Former emergency services leaders from across the country say their latest report shows communities urgently need help to prepare for more of the same in the future.

Data sourced from various government agencies shows extreme weather caused 240,828 displacements across the country in the 14 years to 2022/23.

A map showing disaster hotspots around Australia.
The map showing Australia's worst disaster hotspots, from bushfires to floods and storms. (Supplied Emergency Leaders for Climate Action/AAP PHOTOS)

But the true figure is almost certainly much higher given the lack of comprehensive records.

Their report also identifies the nation's disaster hotspots, with each one suffering dozens of hits in less than two decades; from devastating bushfires to floods and storms.

Fire-prone parts of Victoria are stand-outs, with Baw Baw suffering 47 disasters bad enough to prompt requests for federal assistance. The Yarra Ranges were not far behind with 42, and East Gippsland 39.

But similar hotspots have been mapped in every other part of the country.

In the last five years alone, the federal government provided disaster funding 226 times, with 80 per cent of council areas affected nationwide.

They are sobering statistics and ones former NSW fire chief Greg Mullins said must spark a rethink about how to best prepare communities for the inevitable - more of the same as long as the climate continues to warm.

"The science is really clear, the experience is really clear," said Mr Mullins, who founded Emergency Leaders for Climate Action.

"We're getting more climate-fuelled disasters. We keep breaking records with bushfires, floods, the number of homes destroyed."

Fire surrounds a fire truck.
Bushfires continue to ravage the country each summer, further testing residents' resilience. (HANDOUT/DEPARTMENT OF FIRE AND EMERGENCY SERVICES WA)

He said the most important thing Australia could do to reduce disaster-related risks was urgently cut emissions and reject "false" climate change solutions such as Peter Dutton's nuclear power plan.

But, at the same time, the nation must also invest billions to help communities and households withstand what is to come until global emissions start to fall.

"Early intervention saves money, saves lives, saves homes," Mr Mullins said.

The report makes a string of recommendations to help communities cope better when disaster strikes.

They include better understanding which communities and regions face the greatest threats and vulnerabilities and helping them build strong networks of local responders.
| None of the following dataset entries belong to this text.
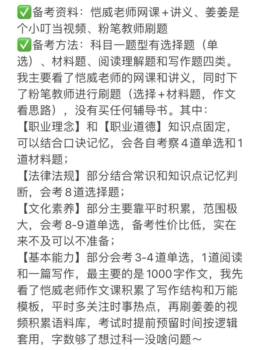 [拳头R]备考方法:科目一题型有选择题(单选)、材料题、阅读理解题和写作题四类。我主要看了恺威老师的网课和讲义,同时下了粉笔教师进行刷题(选择+材料题,作文看思路),没有买任何辅导书。
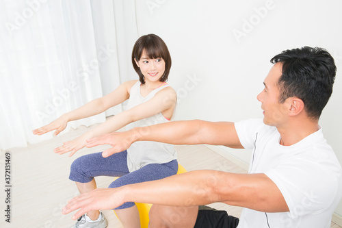 © Paylessimages, Obraz premium バランスボールでトレーニングする男女
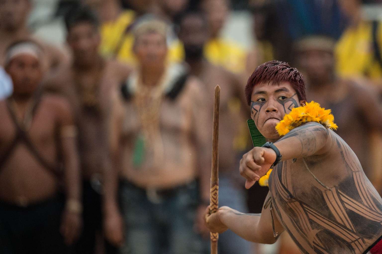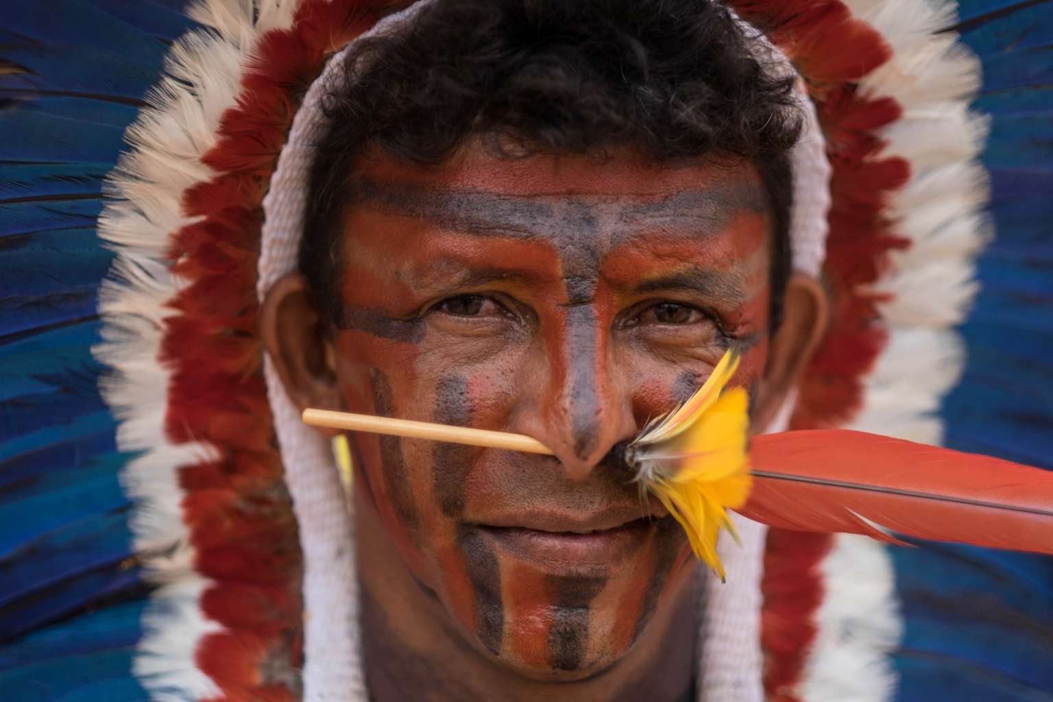 A Brazilian indigenous native poses during the first World Indigenous Games in Palmas, Tocantins, Brazil on Oct 25, 2015.
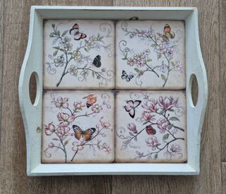 Bandeja decorativa con azulejos que presentan un diseño de flores y mariposas. - Base de madera. - Cuatro azulejos con motivos florales y de mariposas. - Asas laterales para facilitar su transporte.
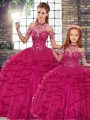 Sexy Floor Length Ball Gowns Sleeveless Fuchsia Quinceanera Dresses Lace Up
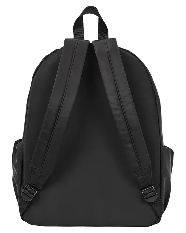 70D recycled polyester with knit backing; This backpack is the ultimate blend of fashion and functionality, allowing you to express your individuality while staying organized and on-trend; Large front zippered pocket; two self-fabric side bottle pockets; Interior features padded laptop pocket; Padded back; self-fabric padded adjustable shoulder straps; Product size: 13.4" w x 7.5" d x 16.1" h;

"Resilience is being able to take a hit and bounce back and you can't impose that from Canberra, or Macquarie Street, or Brisbane. It's local solutions but it needs money," Mr Mullins said.

Rebecca McNaught knows better than most why local solutions are essential when disaster strikes.
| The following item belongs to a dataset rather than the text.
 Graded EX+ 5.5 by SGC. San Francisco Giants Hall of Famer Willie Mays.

The experience of living through the catastrophic floods that hit NSW's Northern Rivers region in 2022 will never leave her and the scars are still evident in her community of Ocean Shores, and neighbouring Lismore.

The floods were so extraordinary that, in many cases, the community had to rescue itself because no-one else could get there in time.

A car sits in floodwaters.
Lismore is still recovering from floods that devastated homes across NSW's Northern Rivers. (JASON O’BRIEN/AAP PHOTOS)

"At present we spend 97 per cent of disaster-related funding on response and recovery and only three per cent on preparedness and resilience-building," said Ms McNaught, a research fellow at the University Centre for Rural Health in Lismore.

Response and recovery were vital, but she said there was a desperate need to shift to a preventative mindset.

And if there's one good thing that has come from those floods, it is that Northern Rivers communities are not waiting on others and are cracking on with the job themselves.

Ms McNaught is part of a local organisation called Plan C that is all about building up community resilience.

Recently Plan C trained up 270 people under a community carers and responders program.

It says something that 70 per cent of them had been affected by floods, and 30 per cent by bushfires.

"People learned about emergency management structures ... food security, energy security, water security," Ms McNaught said.

"And it really moved people from a place of trauma and fear about the future, to one of hope and action. And I think that's really powerful."